Start of Dataset section

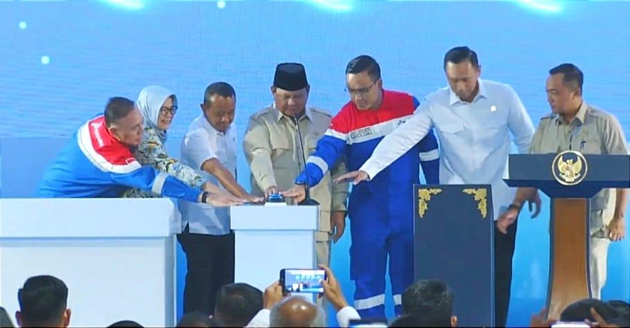 “Saya menyambut dengan bahagia dan merasa sangat bangga atas apa yang kita hasilkan hari ini melalui peresmian ini,” ujar Presiden Prabowo.
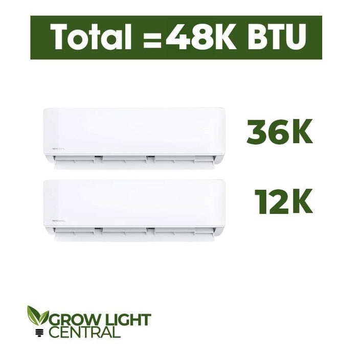 The MRCOOL DIY Multi-Zone 48,000 BTU Mini Split gives you serious climate control for large homes or open-plan areas—without paying a pro to install it. This 2-zone setup includes a 12K BTU air handler (up to 550 sq ft) and a 36K BTU air handler (up to 1,650 sq ft), powered by a high-capacity 48K BTU condenser.
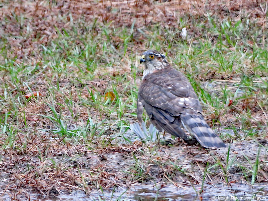Two hours later, I spotted the hawk on our stonewall and later went out to search for feeding evidence as chipmunks and other small mammals are also part of their diet. I found only a couple of downy feathers where the bird had stood in the yard and nothing by the stonewall, but I suspect there may be something to notice in the future.
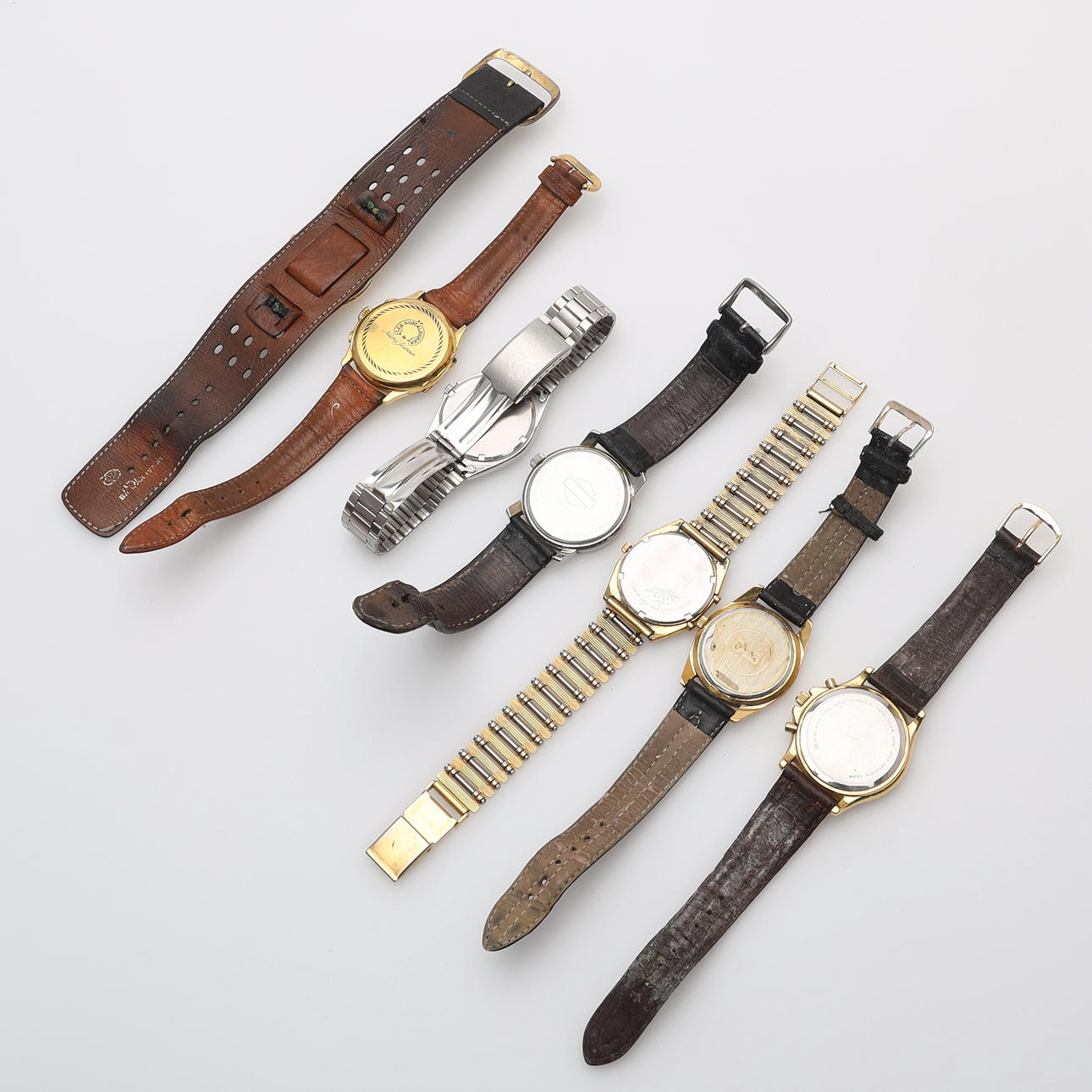 Kokoelma sekoitettuja miesten rannekelloja.

End of Dataset section

**Task brief**
Without the pictures, transcribe the listing exactly as it stands.

**Solution**
 “Saya menyambut dengan bahagia dan merasa sangat bangga atas apa yang kita hasilkan hari ini melalui peresmian ini,” ujar Presiden Prabowo.
 The MRCOOL DIY Multi-Zone 48,000 BTU Mini Split gives you serious climate control for large homes or open-plan areas—without paying a pro to install it. This 2-zone setup includes a 12K BTU air handler (up to 550 sq ft) and a 36K BTU air handler (up to 1,650 sq ft), powered by a high-capacity 48K BTU condenser.
Two hours later, I spotted the hawk on our stonewall and later went out to search for feeding evidence as chipmunks and other small mammals are also part of their diet. I found only a couple of downy feathers where the bird had stood in the yard and nothing by the stonewall, but I suspect there may be something to notice in the future.
 Kokoelma sekoitettuja miesten rannekelloja.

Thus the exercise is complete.